Exercise brief: Only the text belongs in the copy: retype each record exactly as it appears.

━━ Input ━━

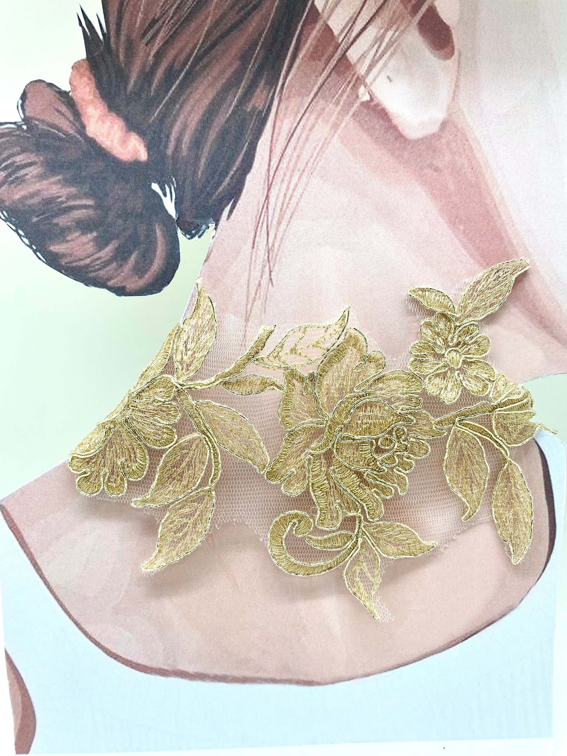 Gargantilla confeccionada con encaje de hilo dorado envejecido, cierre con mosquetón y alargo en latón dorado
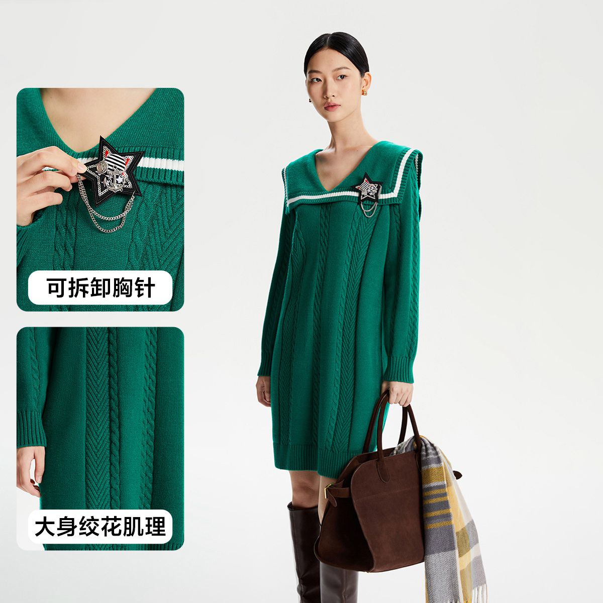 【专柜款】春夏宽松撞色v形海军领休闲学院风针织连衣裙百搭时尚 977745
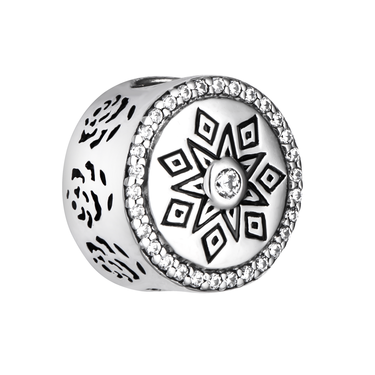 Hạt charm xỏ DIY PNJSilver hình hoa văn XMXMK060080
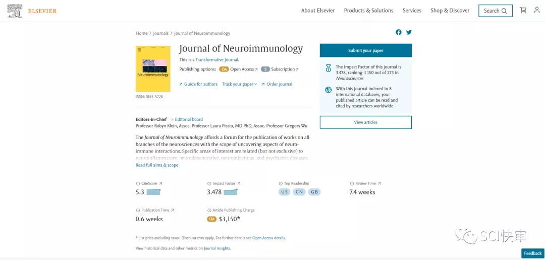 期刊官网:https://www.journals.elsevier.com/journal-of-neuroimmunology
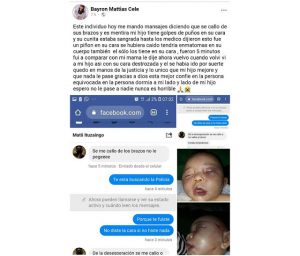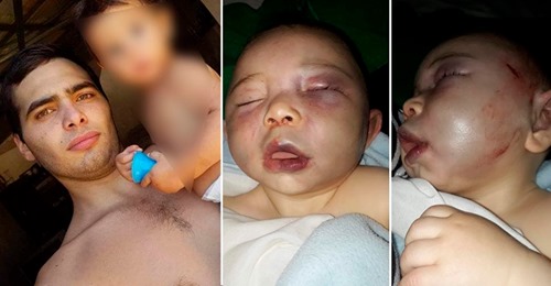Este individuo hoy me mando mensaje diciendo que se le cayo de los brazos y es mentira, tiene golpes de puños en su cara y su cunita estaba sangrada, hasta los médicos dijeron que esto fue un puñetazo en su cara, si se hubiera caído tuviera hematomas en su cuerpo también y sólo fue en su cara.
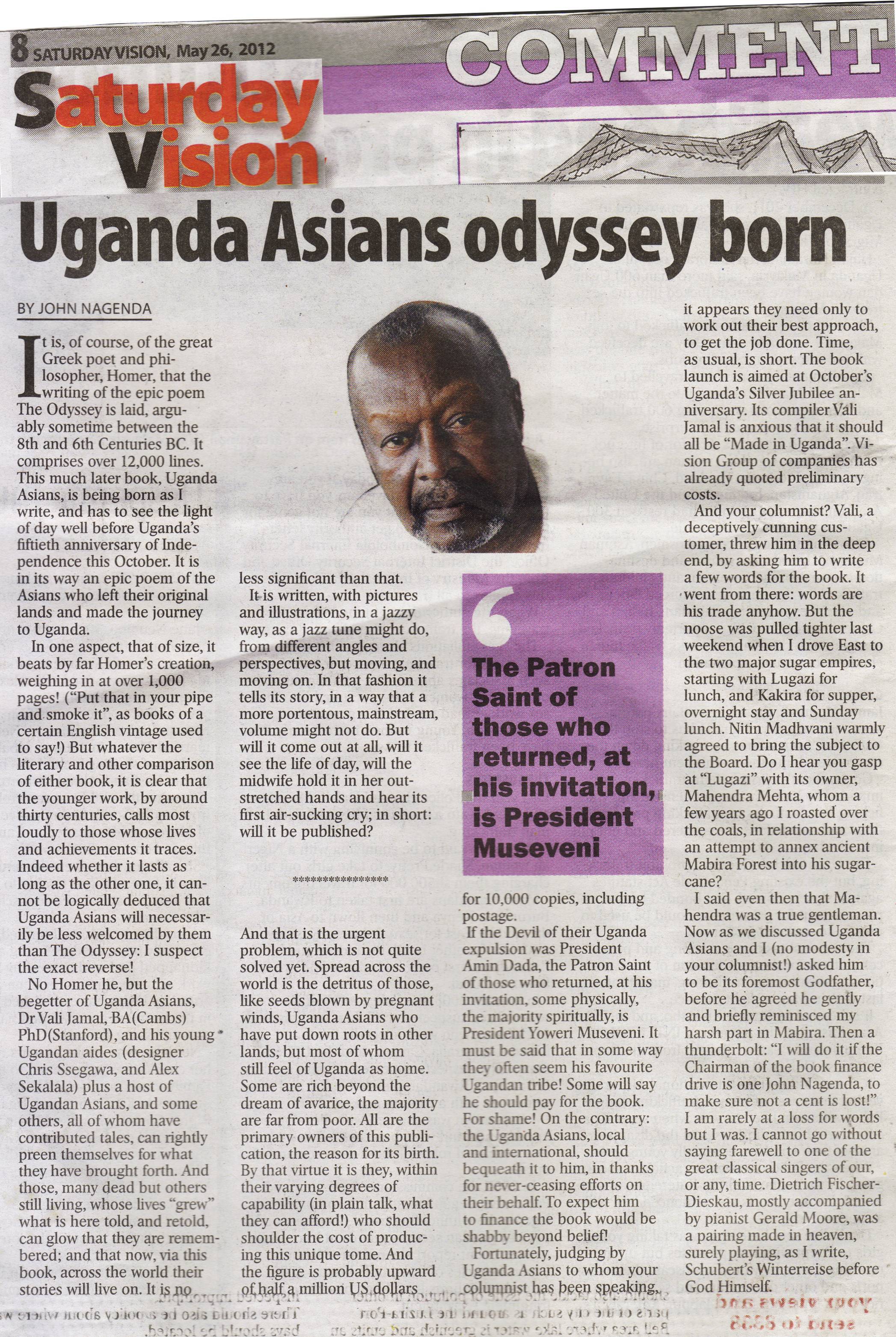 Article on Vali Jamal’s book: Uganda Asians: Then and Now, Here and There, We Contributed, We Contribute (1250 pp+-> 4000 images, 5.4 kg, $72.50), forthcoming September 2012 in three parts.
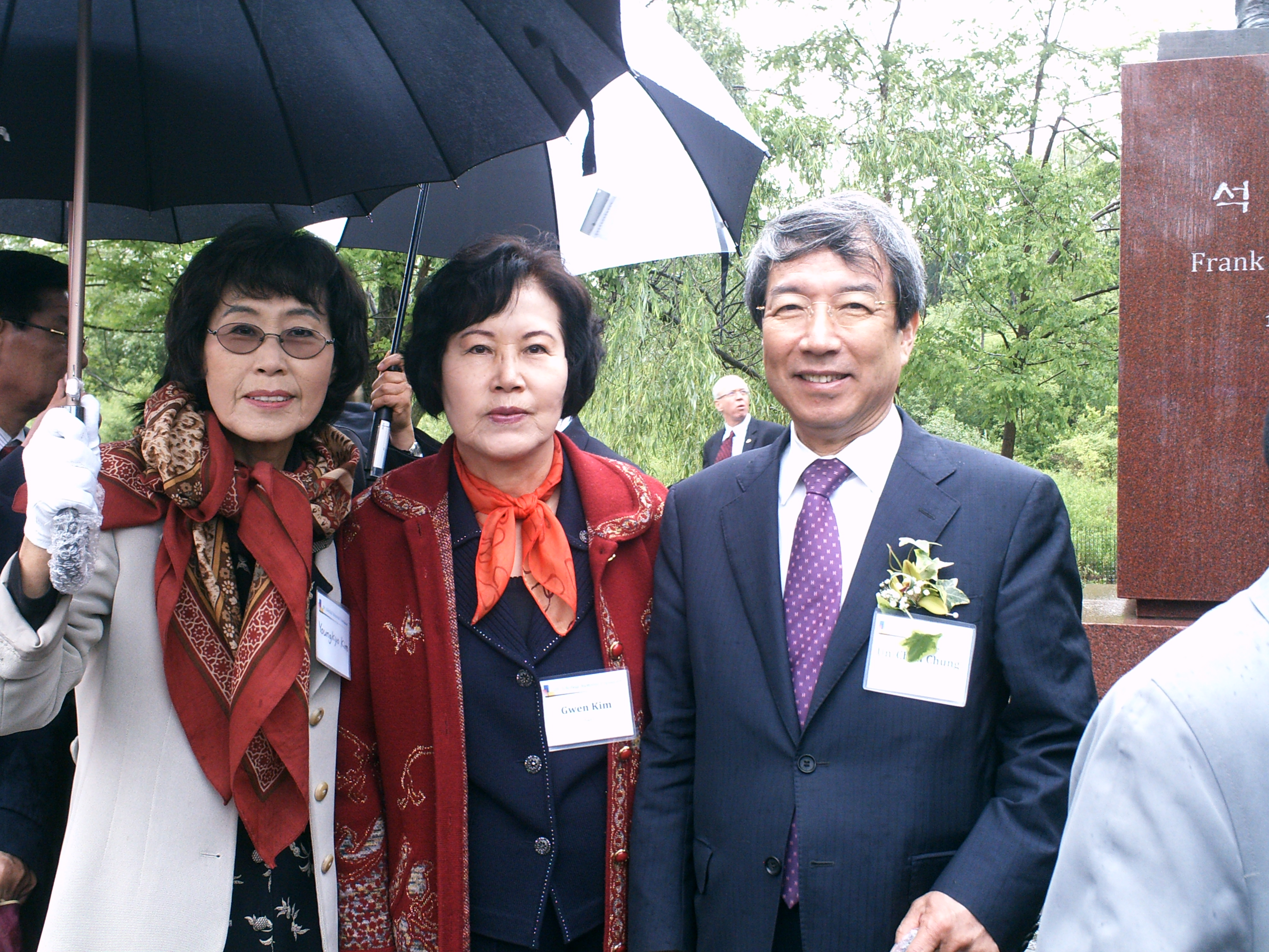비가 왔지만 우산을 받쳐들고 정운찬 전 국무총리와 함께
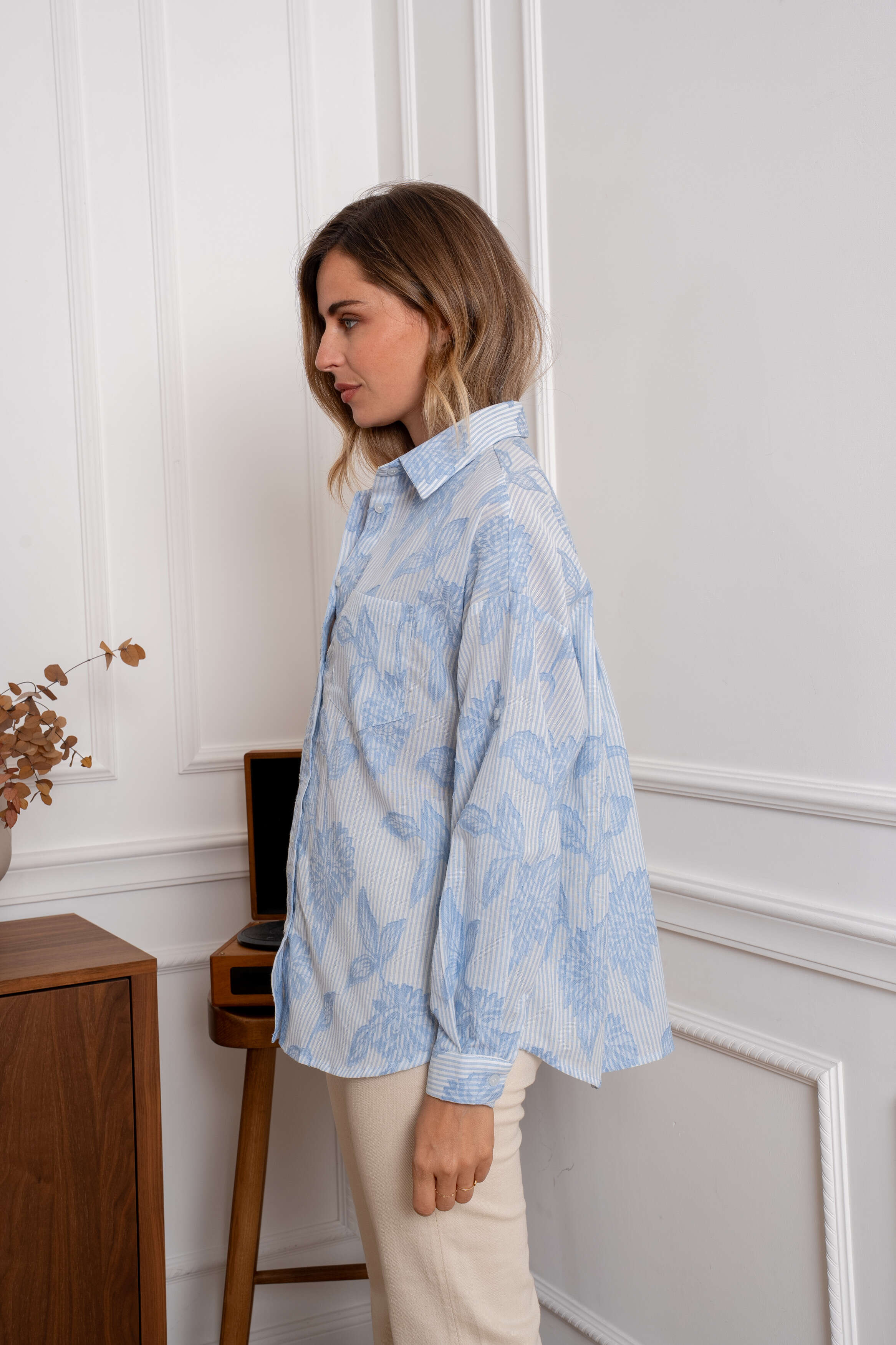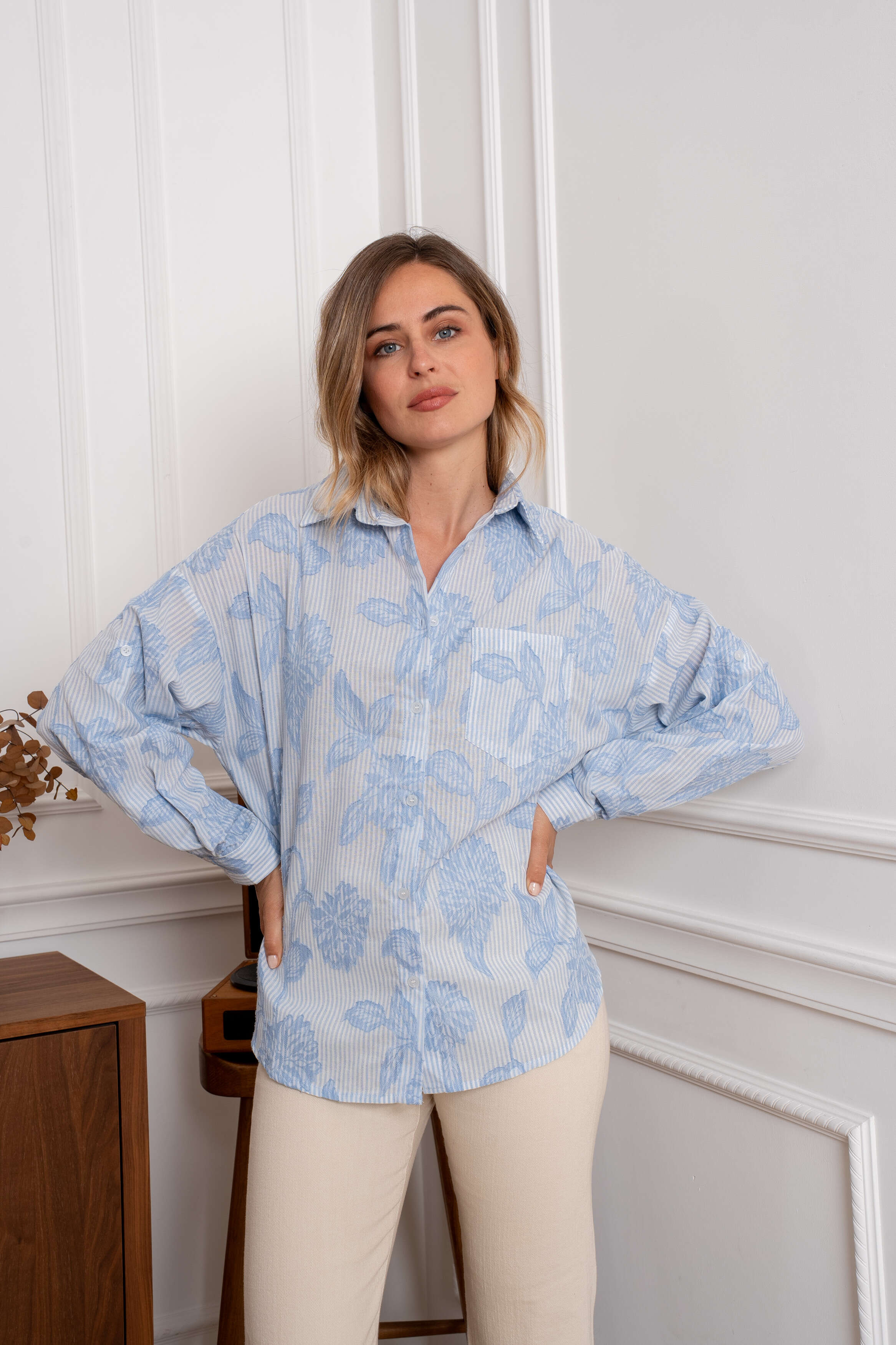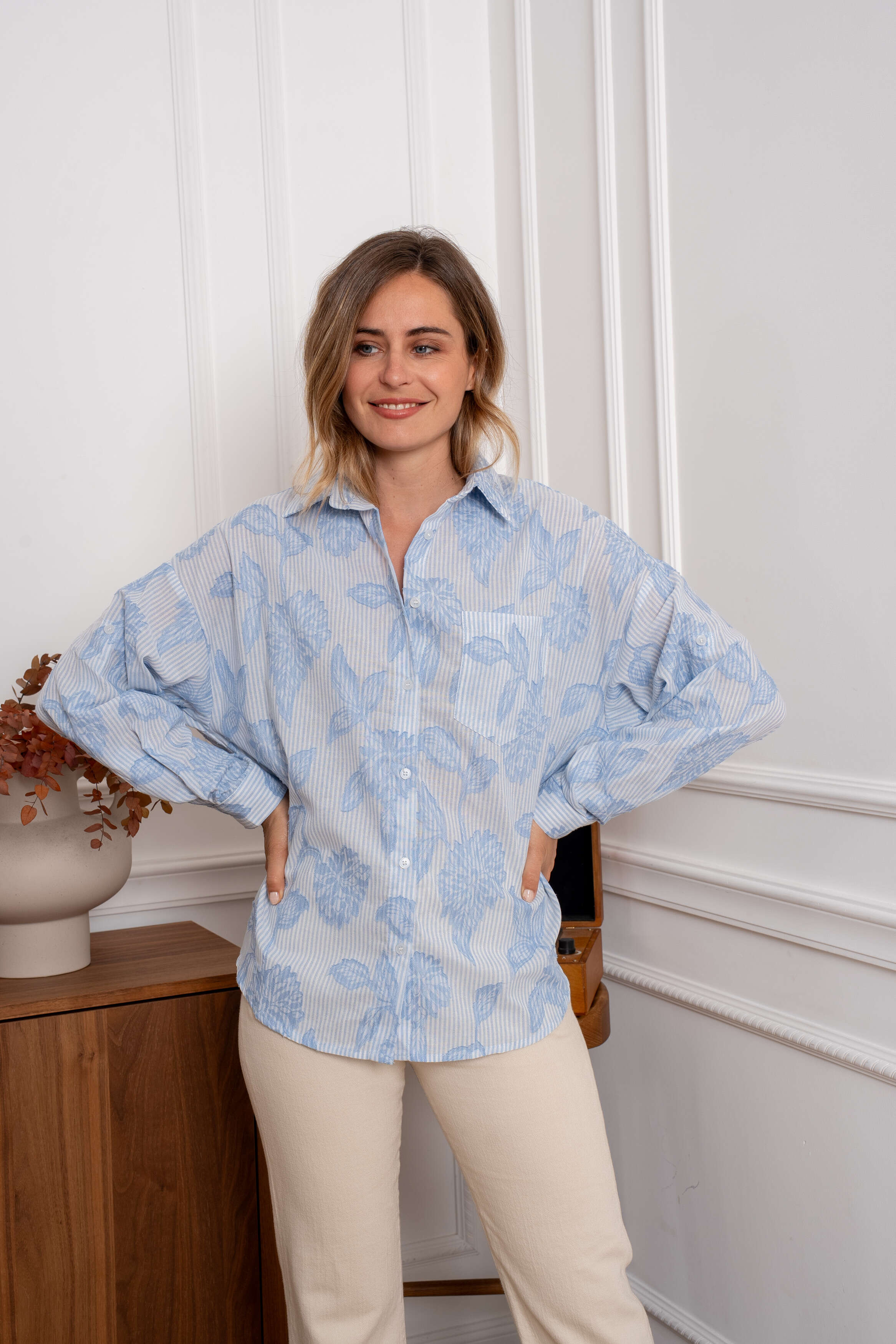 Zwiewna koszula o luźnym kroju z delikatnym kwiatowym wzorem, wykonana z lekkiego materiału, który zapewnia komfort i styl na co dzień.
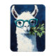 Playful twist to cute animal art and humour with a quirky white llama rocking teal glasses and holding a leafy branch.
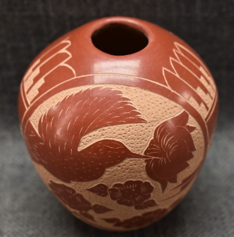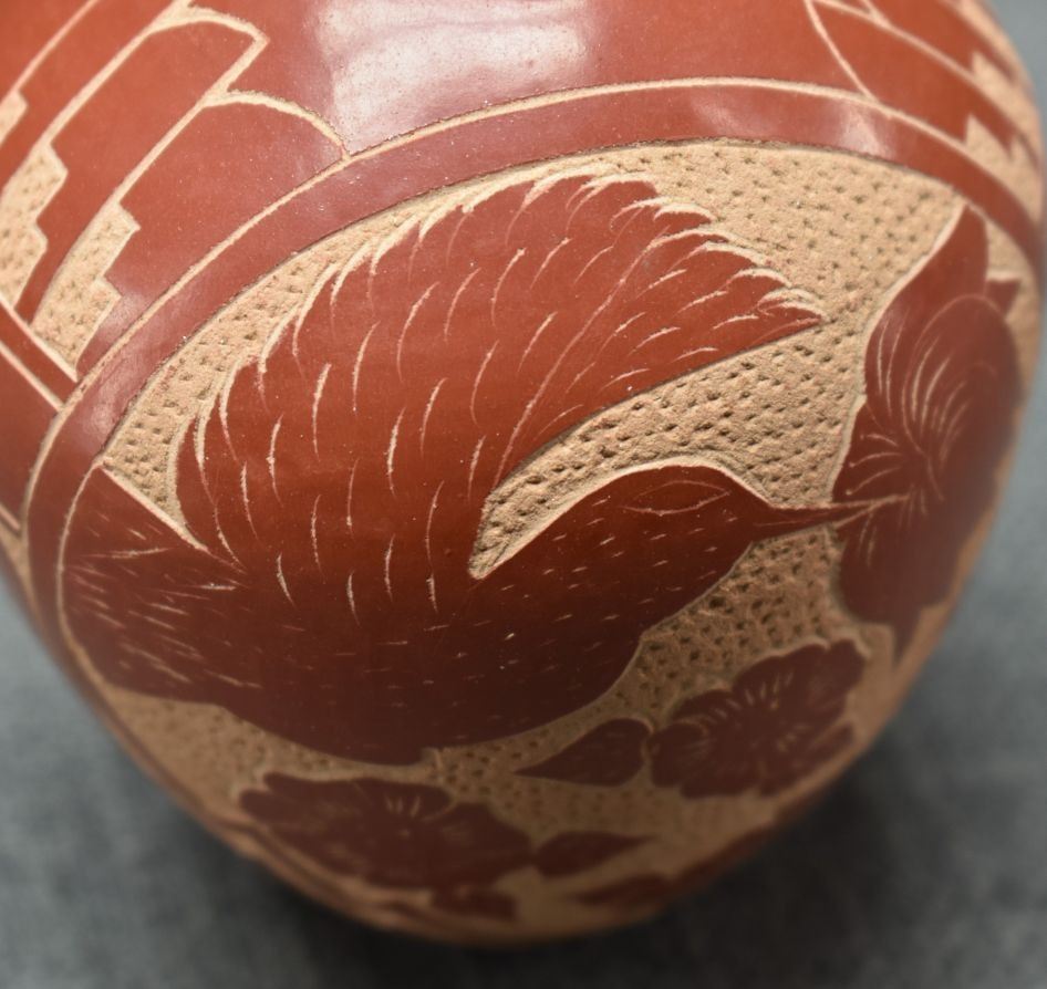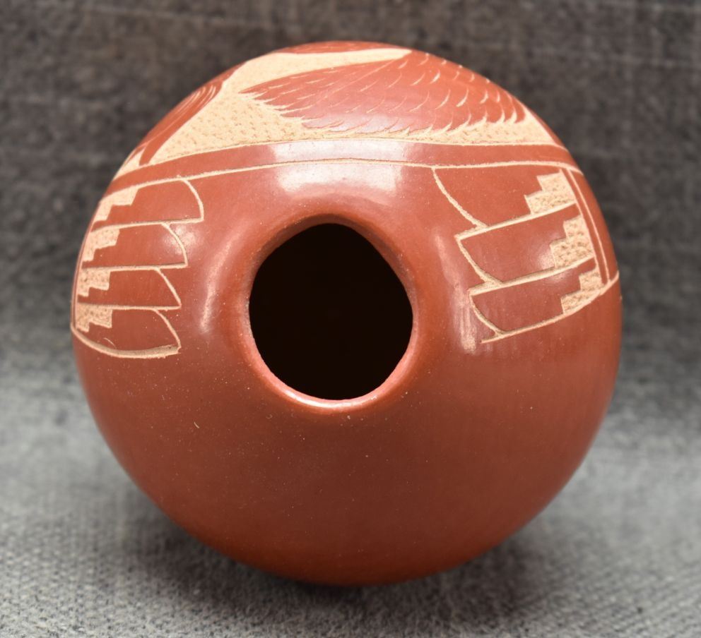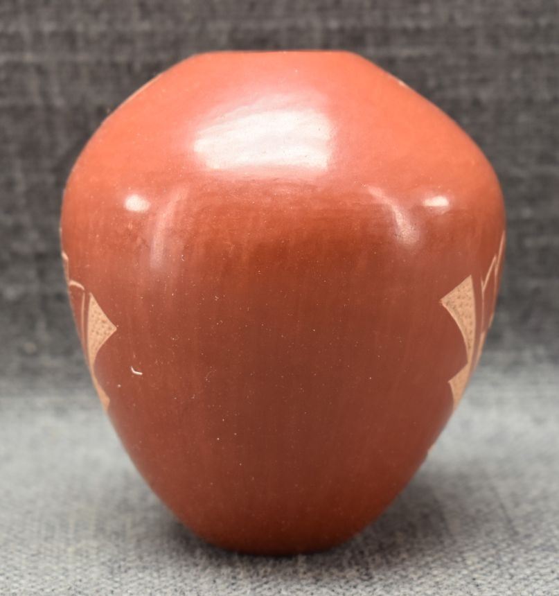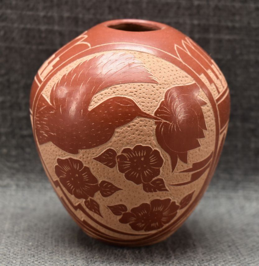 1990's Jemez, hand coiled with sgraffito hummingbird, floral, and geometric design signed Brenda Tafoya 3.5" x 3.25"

━━━

Response for this exercise:
 Gargantilla confeccionada con encaje de hilo dorado envejecido, cierre con mosquetón y alargo en latón dorado
 【专柜款】春夏宽松撞色v形海军领休闲学院风针织连衣裙百搭时尚 977745
 Hạt charm xỏ DIY PNJSilver hình hoa văn XMXMK060080
 期刊官网:https://www.journals.elsevier.com/journal-of-neuroimmunology
Este individuo hoy me mando mensaje diciendo que se le cayo de los brazos y es mentira, tiene golpes de puños en su cara y su cunita estaba sangrada, hasta los médicos dijeron que esto fue un puñetazo en su cara, si se hubiera caído tuviera hematomas en su cuerpo también y sólo fue en su cara.
 Article on Vali Jamal’s book: Uganda Asians: Then and Now, Here and There, We Contributed, We Contribute (1250 pp+-> 4000 images, 5.4 kg, $72.50), forthcoming September 2012 in three parts.
비가 왔지만 우산을 받쳐들고 정운찬 전 국무총리와 함께
 Zwiewna koszula o luźnym kroju z delikatnym kwiatowym wzorem, wykonana z lekkiego materiału, który zapewnia komfort i styl na co dzień.
 Playful twist to cute animal art and humour with a quirky white llama rocking teal glasses and holding a leafy branch.
 1990's Jemez, hand coiled with sgraffito hummingbird, floral, and geometric design signed Brenda Tafoya 3.5" x 3.25"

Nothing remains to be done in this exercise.